Fuzzy cognitive map (FCM) [1, 2] is a graph-like inference mechanism based on fuzzy logic and recurrent neural network methodologies. It consists of nodes (states or concepts) and edges (causal links or events), which concepts influence each other depending on weights of events. FCM is capable of modeling complex decision problems via semantic definition of concepts and events, and then concurrent analysis of the concepts of the given problem. There are basically two FCM-based computational methods: definition and incremental formulas [3]. An expert defines fuzzy weights of both concepts and events of a given problem, and then runs the respective FCM for decision results. FCM also supports group decision making, i.e., by aggregating multiple decision makers’ views on a specific problem [4], as well as supervisory control [5].

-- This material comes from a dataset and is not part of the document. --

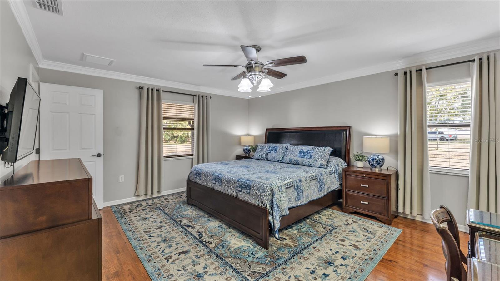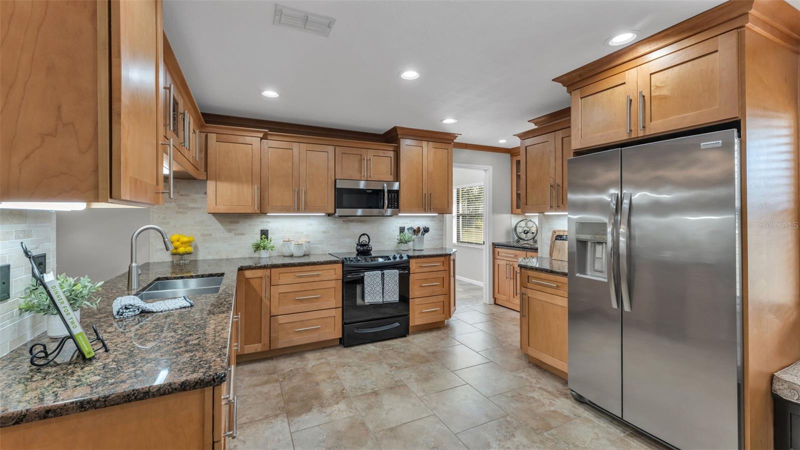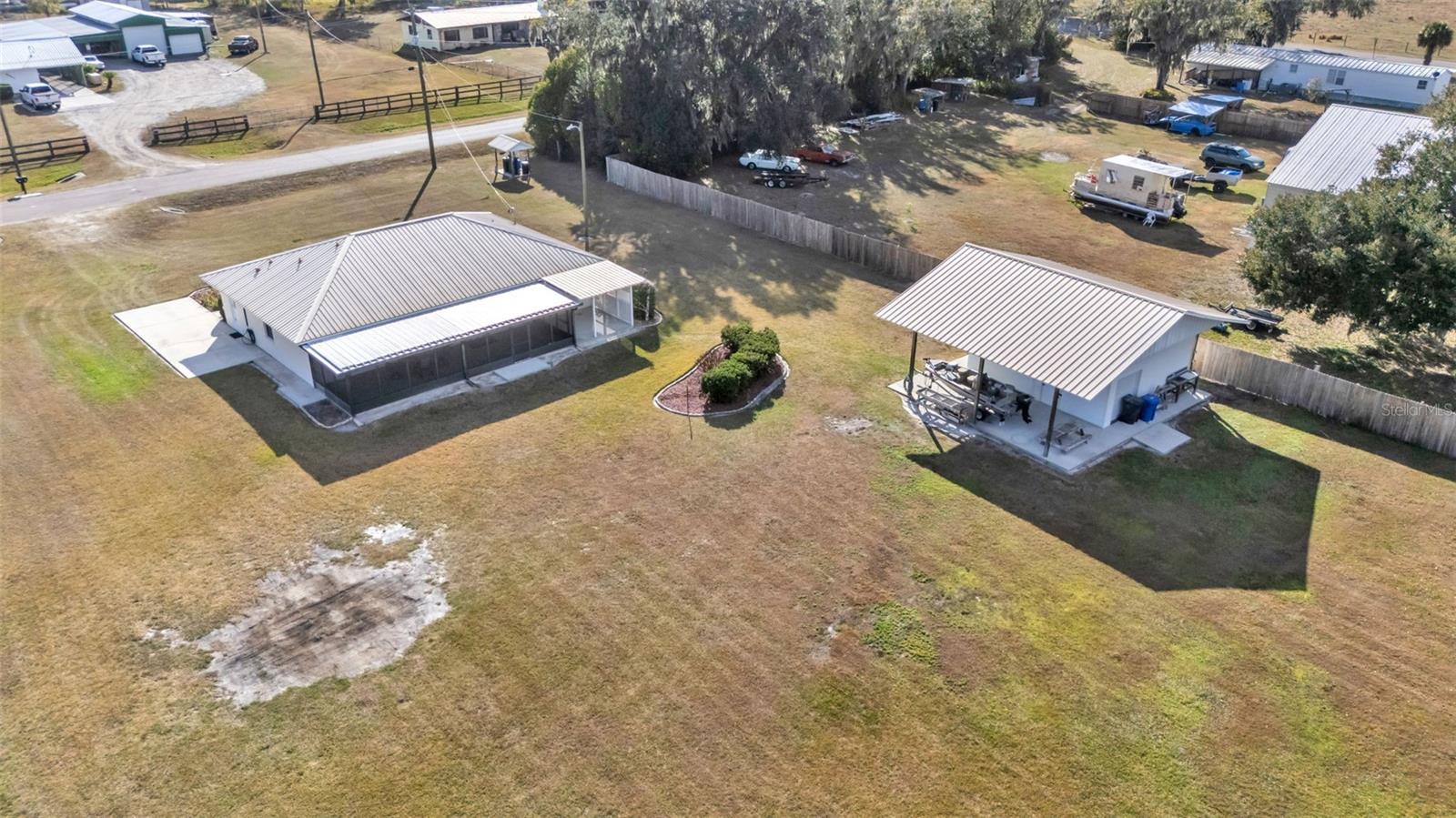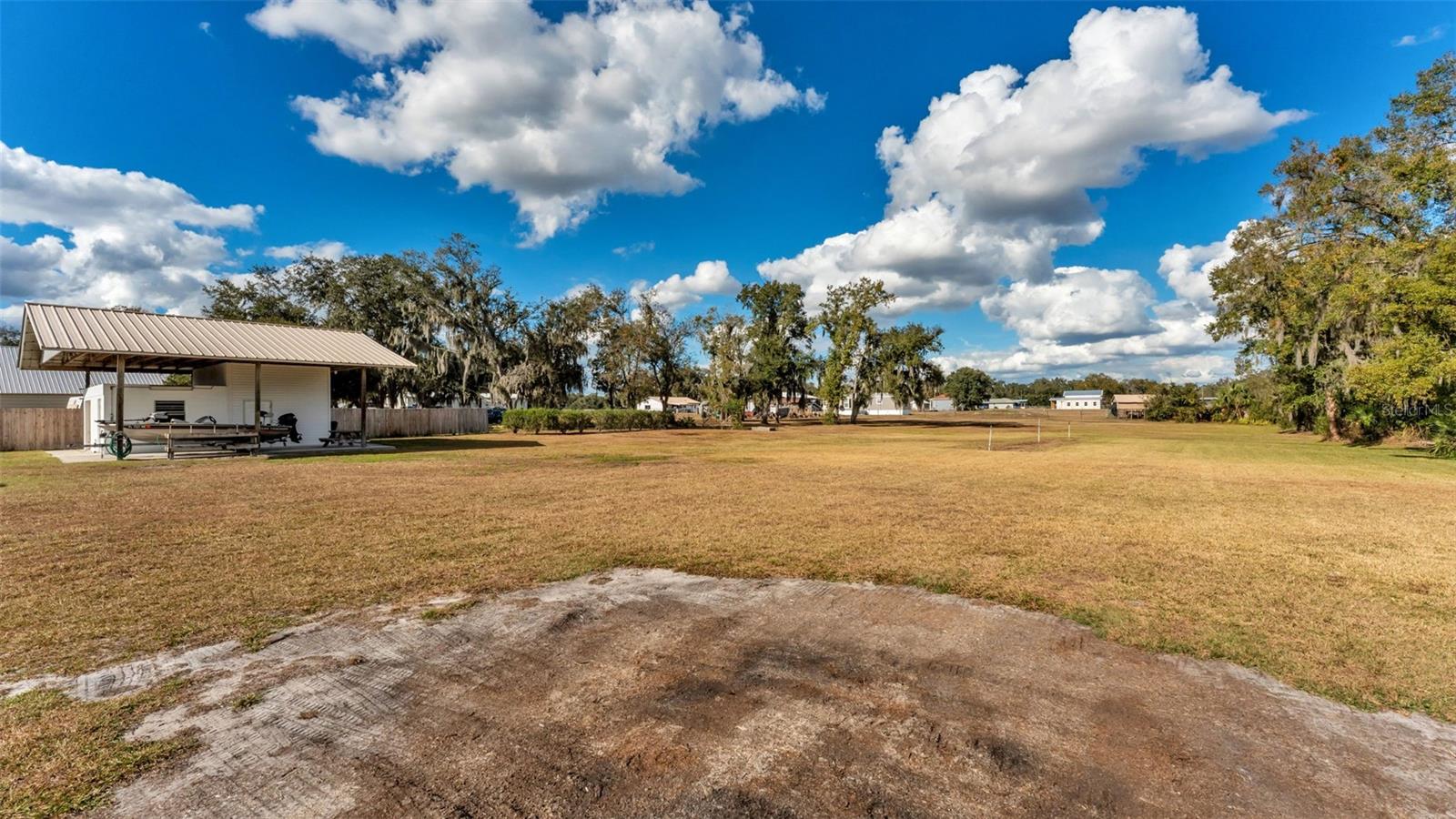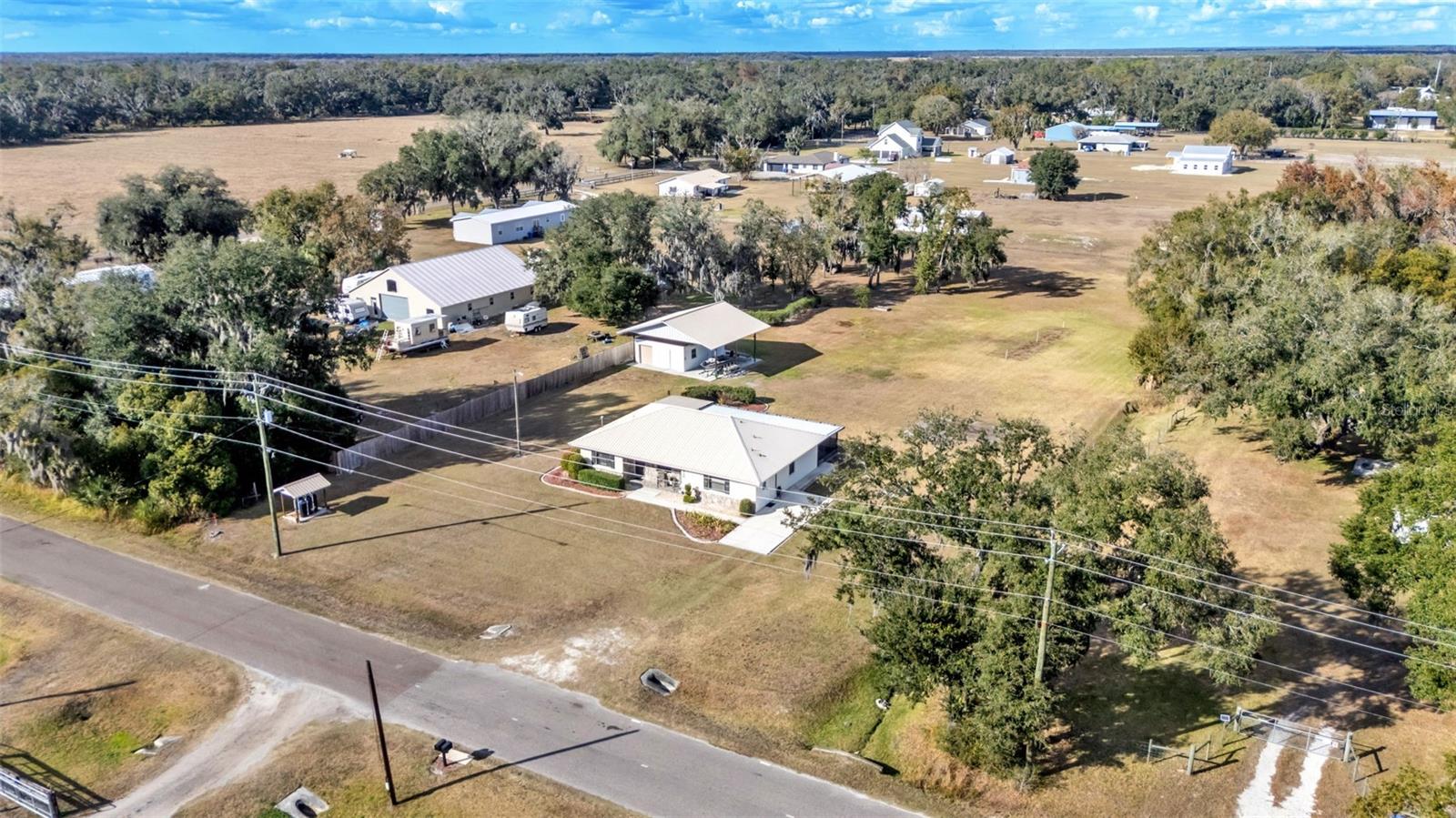 This incredible 1.75-acre property offers a charming homestead-style living experience. It features a beautifully maintained 3-bedroom home and a separate workshop. Imagine how wonderful each day would be in this peaceful country setting, with the freedom to make it all your own! The front porch, adorned with stone details and surrounded by crisp landscaping, creates a welcoming first impression. Inside, the pride of ownership is evident in the solid flooring, crown molding, attractive paint colors, and numerous updates throughout the home. The impressive kitchen seamlessly blends functionality with style. Upgraded wood cabinetry provides ample storage, while granite countertops, backsplash, and an eat-in dinette nook (complete with table and seating that remain with the home!) add to its appeal. Don’t miss the hidden island in the bar area, perfect for baking, serving, and more. The adjacent laundry room offers overflow storage, complete with a washer and dryer, and a side-entry exterior door. The large living area provides ample seating, a pass-through to the kitchen, and access to the back porch. The primary suite boasts a spacious bedroom, a generous walk-in closet with shelving, and a tastefully updated en-suite bathroom featuring quartz countertops and a tiled shower. Two additional bedrooms, each with built-in closet storage, and another nicely updated bathroom complete this split-floor-plan home. Step outside to discover an oversized 38x12 covered and screened back porch, a comfortable space to enjoy the outdoors year-round. Here you can sit back, relax, and take in the breathtaking views and sounds of nature that surround you. The backyard offers endless possibilities for gardeners and animal lovers alike. For anyone who enjoys entertaining and fun, the covered open space is great for grilling during cookouts or a play area. If you need a workshop space or an area to store a boat, camper, or other toys, the large, detached 34x32 workshop with carport and separate storage spaces offers all of this, plus water, electric and fantastic storage. This move-in-ready home has a metal roof and is in immaculate condition, but the expansive lot and serene setting are what truly make it a one-of-a-kind opportunity to escape the hustle and bustle, while still enjoying a convenient location within the Sunshine State! **THIS HOME IS LOCATED IN A USDA ELIGIBLE AREA**
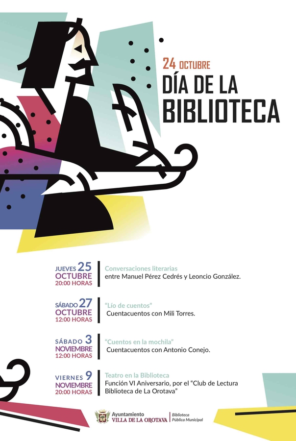 Como cada año La Biblioteca desarrollará un Programa de actividades para celebrar el Día de la Biblioteca, en el que se intenta conseguir que pueda ser atractivo para los diferentes sectores de la población de nuestro entorno, tanto para nuestros más pequeños lectores con varias sesiones de Cuentacuentos, como para un público adulto o familiar con charlas entre escritores o una representación de teatro por integrantes del "Club de Lectura Biblioteca de La Orotava".

Usually, decision making involves N in factor concepts (inputs) and N out decision concepts (outputs). However, there are situations where inputs and outputs overlap or exchange role. A set of events (events matrix) existing among concepts plays the key role in inference, deriving outputs from inputs. FCMs can be trained to learn more about problems in hand. There are many approaches to train FCMs mostly by tuning their event matrices including genetic algorithms (GA) [68] and Hebbian algorithms [911]. However, regardless of the employed training technique, still their inference is either based on definition or incremental formula as investigated in this paper.

2 Background

In the definition formula (Eq. 1), the new weight of each concept c j at cycle (k + 1) is defined from squashing the total effect of all concepts (c 1,…,c n ) on c j into a standard range of (0, 1) using a logistic function symmetrically around 0.5 (sigmoid curve). Other threshold functions such as tan h can be used too [5]. The total effect is in fact a sum of multiplications of each concept’s weight (c i ) from the preceding cycle (k) by the weight of the respective causal link (event e i,j ) that connects c i to c j [3].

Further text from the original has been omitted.